Week 8.a
CS7670
10/24 2022
https://naizhengtan.github.io/22fall/

1. revisit Decima
2. the problem
3. LSched
---

[draw Fig4 and Fig5 on board]

1. Decima

  -- the problem
     a job is a DAG:
      -- nodes are execution stages
      -- a stage is an operation that runs on many shards
      -- a task is an operation runs on one shard
      -- edges are data flow

  -- GNN embeddings

    -- inputs to each node (or x_v^i):
       (1) #tasks remaining in the stage
       (2) avg task duration
       (3) #executor in the current node
       (4) available #executors
       (5) if available executors are local to the job

    -- per-node embedding:
        (G_i, x_v^i) -> e_v^i

    -- per-job embedding (for job i)
        {\forall v \in G_i, (x_v^i, e_v^i)} -> y^i

    -- global embedding
        {all y^i} -> z

  -- policy network
       inputs: embedings
       outputs: <v, l>

  -- RL to train NNs

  Q: what're the difference between Decima and LSched?
     two main questions:
     Q1: what are the differences in problem?
     Q2: what are the differences in solution?

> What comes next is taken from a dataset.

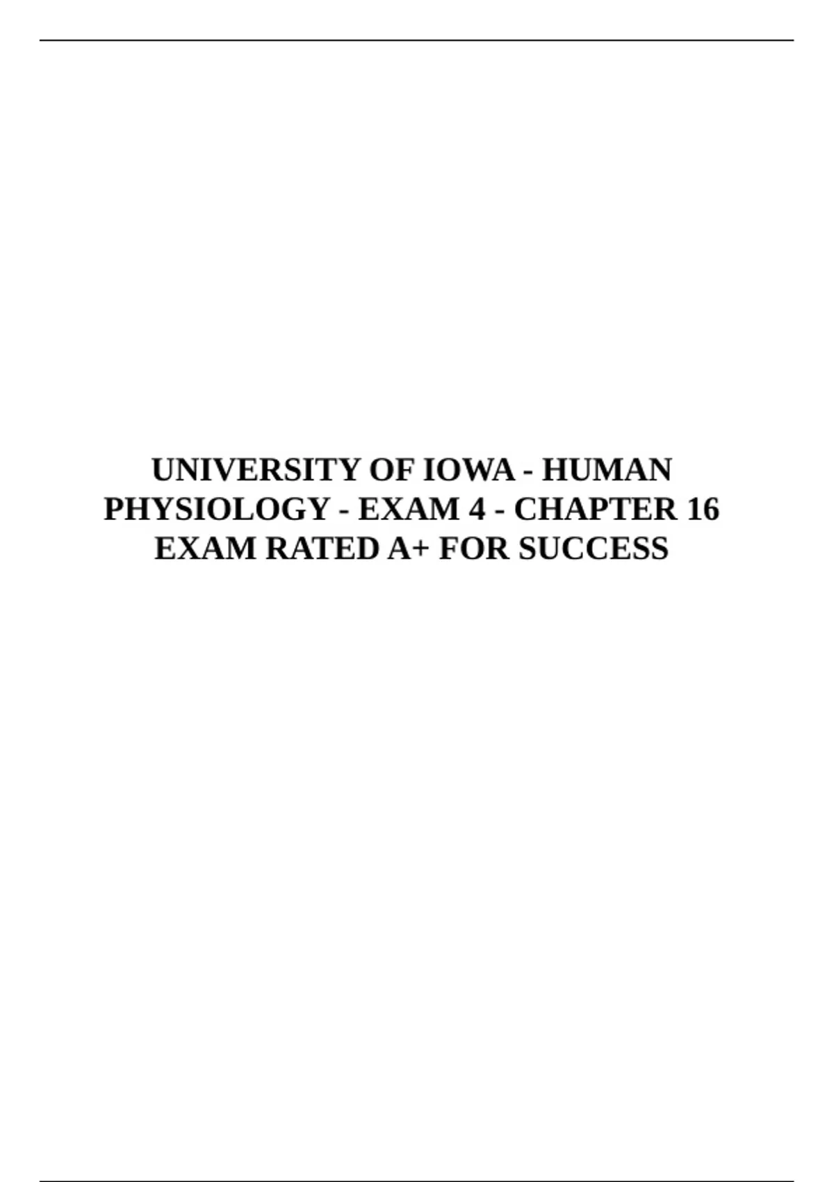 UNIVERSITY OF IOWA - HUMAN PHYSIOLOGY - EXAM 4 - CHAPTER 16 EXAM RATED A+ FOR SUCCESS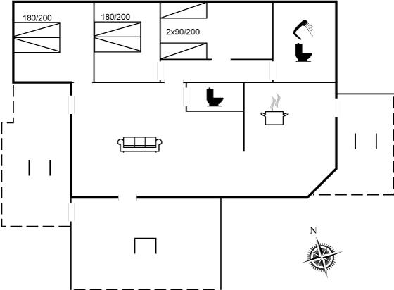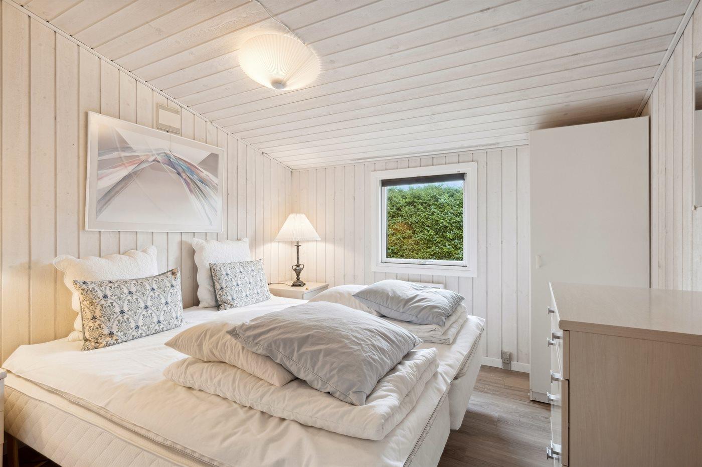 Der er i alt 3 soveværelser. Sovepladserne fordeler sig på: 4 sovepladser i dobbeltsenge. 2 sovepladser i enkeltsenge. Derudover er der 1 stk. barneseng.

2. Database query planning

  Q1: what are the differences in problem?

  -- the delta problem
     a SQL query is a DAG
      -- nodes are operators
      -- an operator can use multiple threads
      -- edges are data flow
      -- **some adjacent operators can be pipelined**

  -- pipelining operators

       select A,B from T1 join T2 on T1.id=T2.id

    -- no pipeline:
      (1) create T1.join(T2) as a new table
      (2) run select on the table

    -- pipelining:

     T1 -+
         +-> [join] --> [select] --> output
     T2 -+

    -- two benefits (at least):
       (1) no materializing of table T1.join(T2)
       (2) can run in streaming fashion

  -- Q: why Decima ignore pipelining?
      Spark is a distributed system;
      quickstep is a single node database.


3. LSched

  Q2: what are the differences in solution?

  [ask a student to read the five contributions in page 2]

  Q: which contributions do you think significantly differ from Decima?
    -- inputs
    -- architecture

  [draw fig3]

  Q: read fig3: what are these operations?
     what do O-TY, O-CON, O_IN mean?

  -- features:
    operator features
    edge features
    query features

  Q: compared with Decima features, do you think LSched features are
     better or worse?

  DISCUSSION: contribution of a NN4Sys paper: feature engineering?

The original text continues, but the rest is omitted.